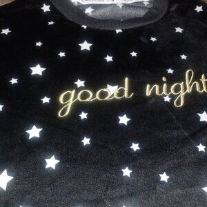 Joyspun Women's Pajama Shirt M (8-10) Black & White "Good Night" in gold embroidery Very pretty and soft I wish I had the bottoms Approximate Measurements: Pit to Pit 25" Length 24" Soft and silky
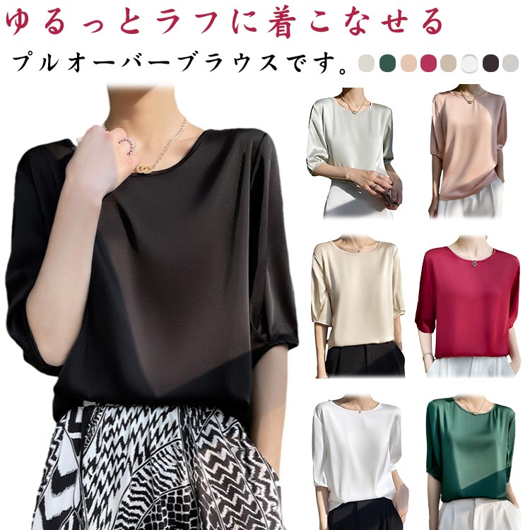 オフィス 五分袖 レディース プルオーバー サテン シャツ クルーネックレディースファッション トップス シャツ ブラウス
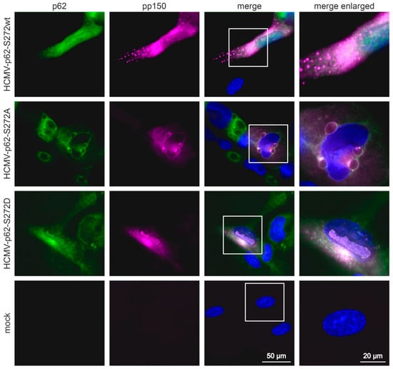 p62 is shuttling between the nucleus and the cytoplasm [57,58]. The phosphorylation of the receptor close to its nuclear localization signal at threonine 269 and serine 272 leads to increased nuclear retention, as shown in transient transfection experiments [10,57]. To address whether the phosphorylation of p62 at S272 also had an impact on the localization of the protein in HCMV-infected cells, indirect immunofluorescence analyses were carried out. HFF-ko-SQSTM1 cells were infected with either HCMV-p62-S272wt, HCMV-p62-S272A, or HCMV-p62-S272D, respectively. At 6 d.p.i., cells were fixed and stained with antibodies against p62 and against the large viral tegument protein pp150 (Figure 8). p62 was found both in the cytoplasm and the nucleus, following infection with HCMV-p62-S272wt or HCMV-p62-S272D. In contrast, an almost complete cytoplasmic retention was seen after infection with HCMV-P62-S272A. This shows that S272 phosphorylation is sufficient to shift p62 toward the nucleus in HCMV-infected cells.

### WHAT TO DO
All lines from the first in the listing above to the line containing "オフィス 五分袖 レディース", inclusive, go in the output exactly as they are; no pictures go in.

### THE COMPLETED TASK
 Joyspun Women's Pajama Shirt M (8-10) Black & White "Good Night" in gold embroidery Very pretty and soft I wish I had the bottoms Approximate Measurements: Pit to Pit 25" Length 24" Soft and silky
 オフィス 五分袖 レディース プルオーバー サテン シャツ クルーネックレディースファッション トップス シャツ ブラウス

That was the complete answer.